When Beethoven composed his ‘Ode to Joy’ in 1824 he probably wouldn’t have thought that merely 200 years later the Donald Trumps of this world would listen to it, while the masses are rioting in the streets outside. Actually, not all people became brothers during the G20 summit on July 7 – 8 in Hamburg this year. Three months later fiery public debates about the tremendous violence during the summit days still continue and every day more coverage of police violence against protesters crops up in social media.

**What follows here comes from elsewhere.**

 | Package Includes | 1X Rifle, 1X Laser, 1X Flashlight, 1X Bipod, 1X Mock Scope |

Apart from that, major media outlets still seem to refuse any coverage on the realistic alternative policy approaches that were framed and discussed e.g. during the Alternative Summit on July 5–6. So the world has gone back to business as usual and the question “what actually changed with the protests?“ sounds ever-increasingly ironic. But why is that so? As activists are our protests maybe failing to address a crucial aspect of the G20’s power?
Colonizing our futures
One issue completely missing in the agenda of protests and counter-events during the summit is a very peculiar form of colonization that renders all of us alike its subjects. The G20 states are not merely colonizing the world economically and geopolitically. They also wield a timesavvy colonization of our futures. How does that happen?

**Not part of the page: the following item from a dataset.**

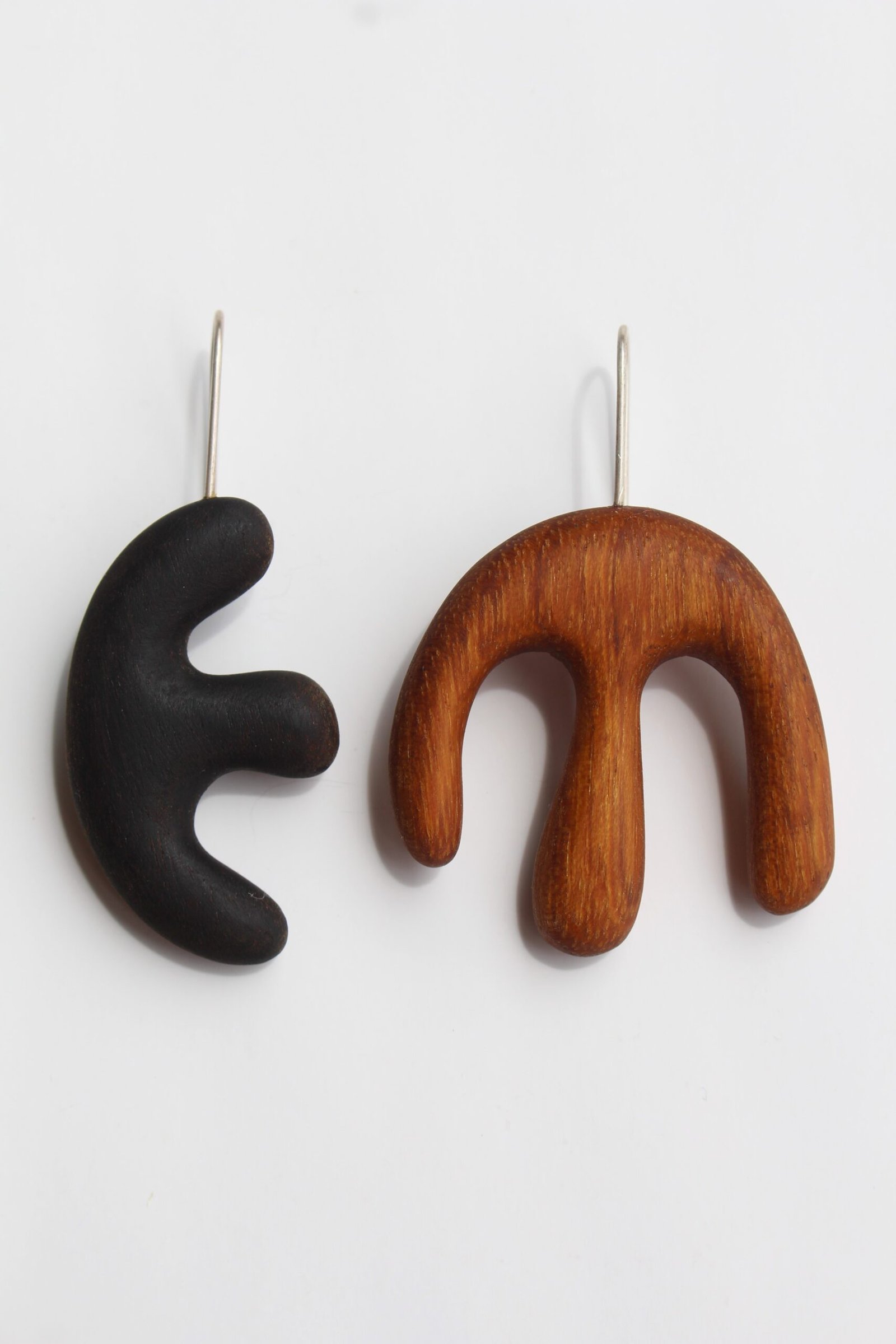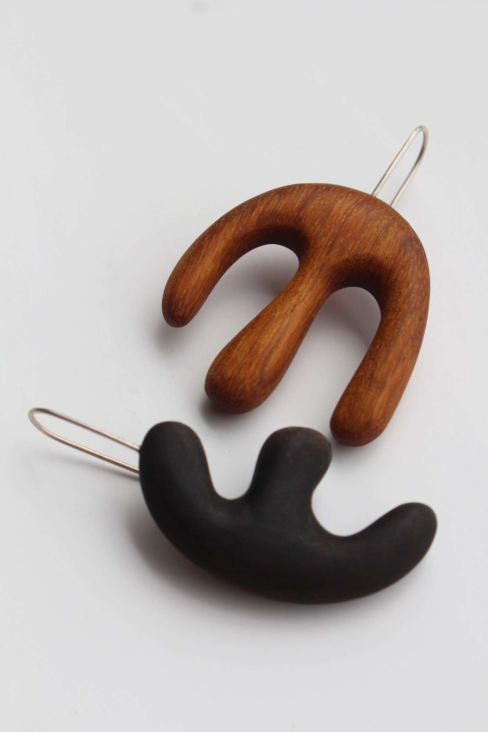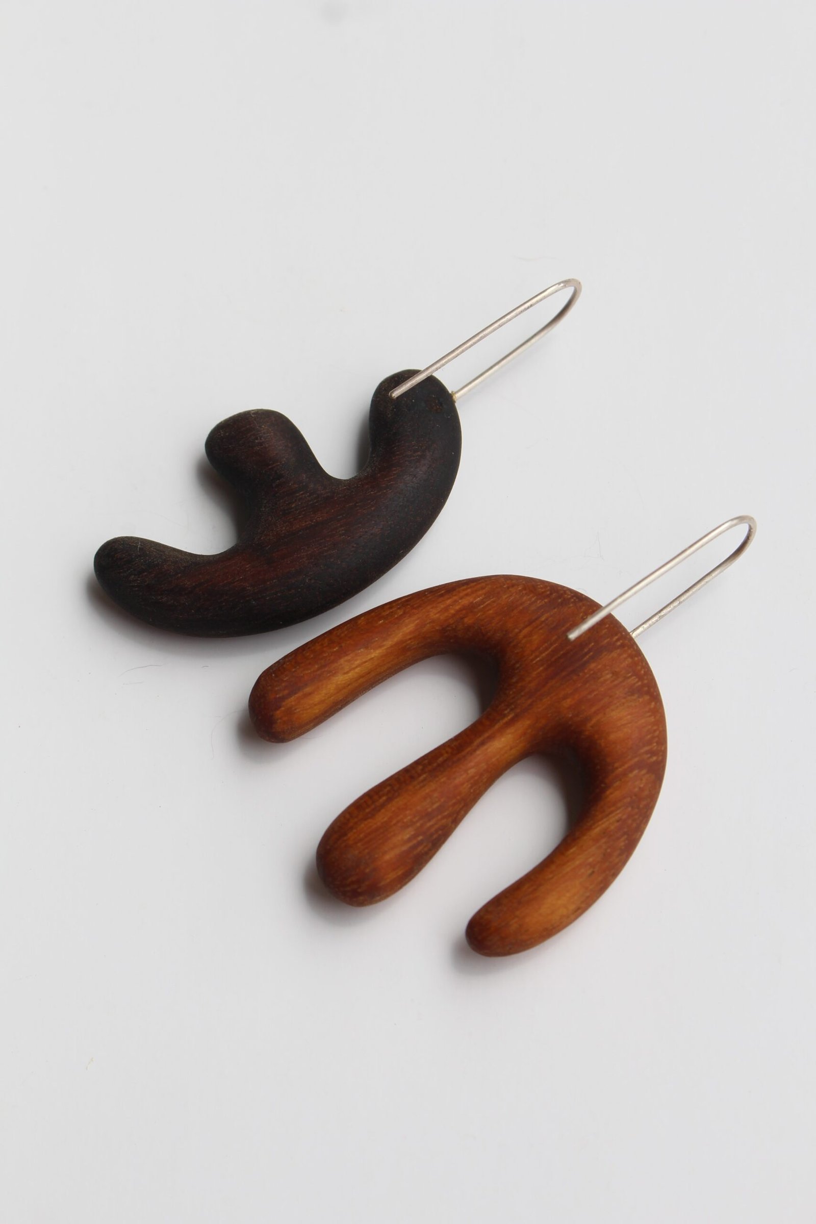 Brinco produzido artesanalmente com madeira de reaproveitamento e prata.

Since the 2011 summit the G20 has eagerly incorporated into its proceedings and policy agendas a specific kind of knowledge through consultations with ‘Think 20’ – a think tank focusing on future scenarios. “What’s the problem with that?” one might ask, because after all scientific consultation in the process of policy-making seems to be a good thing. Yes and no. Scenario building is nothing new. In the 1950s it started out as a military planning tool during the cold war and spread more widely during the 1970s and 1980s in the form of corporate foresight in the economy. After the fall of the iron curtain and from then on, strategic foresight tools were implemented in almost every domain of policy-making and now national and global power bodies (USA, EU, NATO, ASEAN, etc.) incorporate strategic foresight into their decision-making on almost every issue.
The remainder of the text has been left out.